**TASK PROMPT**
From the records below, print exactly the lines starting at the one containing "Медицина Москва во" and ending at the one containing "随着价格回升,XRP活跃度指", ends included, and nothing else.

**SOURCE INFORMATION**
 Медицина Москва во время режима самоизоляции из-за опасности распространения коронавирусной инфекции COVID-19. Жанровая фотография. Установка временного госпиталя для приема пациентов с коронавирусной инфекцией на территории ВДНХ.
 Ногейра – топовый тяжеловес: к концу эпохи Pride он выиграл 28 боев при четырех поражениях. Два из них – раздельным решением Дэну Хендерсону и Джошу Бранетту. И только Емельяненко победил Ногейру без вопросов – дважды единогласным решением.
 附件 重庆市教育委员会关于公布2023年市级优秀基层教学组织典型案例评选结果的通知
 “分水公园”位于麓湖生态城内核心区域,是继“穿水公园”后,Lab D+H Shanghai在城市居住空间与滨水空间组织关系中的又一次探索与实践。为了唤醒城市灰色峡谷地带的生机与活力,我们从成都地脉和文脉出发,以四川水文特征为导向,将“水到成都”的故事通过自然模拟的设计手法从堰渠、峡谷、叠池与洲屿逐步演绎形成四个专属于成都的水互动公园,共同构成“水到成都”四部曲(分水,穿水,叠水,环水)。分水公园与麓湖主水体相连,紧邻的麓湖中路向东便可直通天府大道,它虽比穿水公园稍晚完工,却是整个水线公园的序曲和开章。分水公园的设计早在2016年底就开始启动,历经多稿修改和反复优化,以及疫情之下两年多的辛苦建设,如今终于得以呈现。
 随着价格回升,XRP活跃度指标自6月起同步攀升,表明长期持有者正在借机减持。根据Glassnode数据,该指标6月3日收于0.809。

* * *

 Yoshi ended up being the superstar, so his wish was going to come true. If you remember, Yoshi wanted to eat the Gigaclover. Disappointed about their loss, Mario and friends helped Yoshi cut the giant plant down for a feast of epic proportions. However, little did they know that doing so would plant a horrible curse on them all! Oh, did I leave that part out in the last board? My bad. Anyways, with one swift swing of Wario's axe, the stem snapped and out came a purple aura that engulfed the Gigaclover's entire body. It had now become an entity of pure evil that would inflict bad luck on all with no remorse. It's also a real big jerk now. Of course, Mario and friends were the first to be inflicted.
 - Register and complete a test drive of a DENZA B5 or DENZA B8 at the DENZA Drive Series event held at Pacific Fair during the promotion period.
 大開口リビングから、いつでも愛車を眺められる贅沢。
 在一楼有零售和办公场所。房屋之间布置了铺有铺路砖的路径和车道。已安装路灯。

**ANSWER TO THIS TASK**
 Медицина Москва во время режима самоизоляции из-за опасности распространения коронавирусной инфекции COVID-19. Жанровая фотография. Установка временного госпиталя для приема пациентов с коронавирусной инфекцией на территории ВДНХ.
 Ногейра – топовый тяжеловес: к концу эпохи Pride он выиграл 28 боев при четырех поражениях. Два из них – раздельным решением Дэну Хендерсону и Джошу Бранетту. И только Емельяненко победил Ногейру без вопросов – дважды единогласным решением.
 附件 重庆市教育委员会关于公布2023年市级优秀基层教学组织典型案例评选结果的通知
 “分水公园”位于麓湖生态城内核心区域,是继“穿水公园”后,Lab D+H Shanghai在城市居住空间与滨水空间组织关系中的又一次探索与实践。为了唤醒城市灰色峡谷地带的生机与活力,我们从成都地脉和文脉出发,以四川水文特征为导向,将“水到成都”的故事通过自然模拟的设计手法从堰渠、峡谷、叠池与洲屿逐步演绎形成四个专属于成都的水互动公园,共同构成“水到成都”四部曲(分水,穿水,叠水,环水)。分水公园与麓湖主水体相连,紧邻的麓湖中路向东便可直通天府大道,它虽比穿水公园稍晚完工,却是整个水线公园的序曲和开章。分水公园的设计早在2016年底就开始启动,历经多稿修改和反复优化,以及疫情之下两年多的辛苦建设,如今终于得以呈现。
 随着价格回升,XRP活跃度指标自6月起同步攀升,表明长期持有者正在借机减持。根据Glassnode数据,该指标6月3日收于0.809。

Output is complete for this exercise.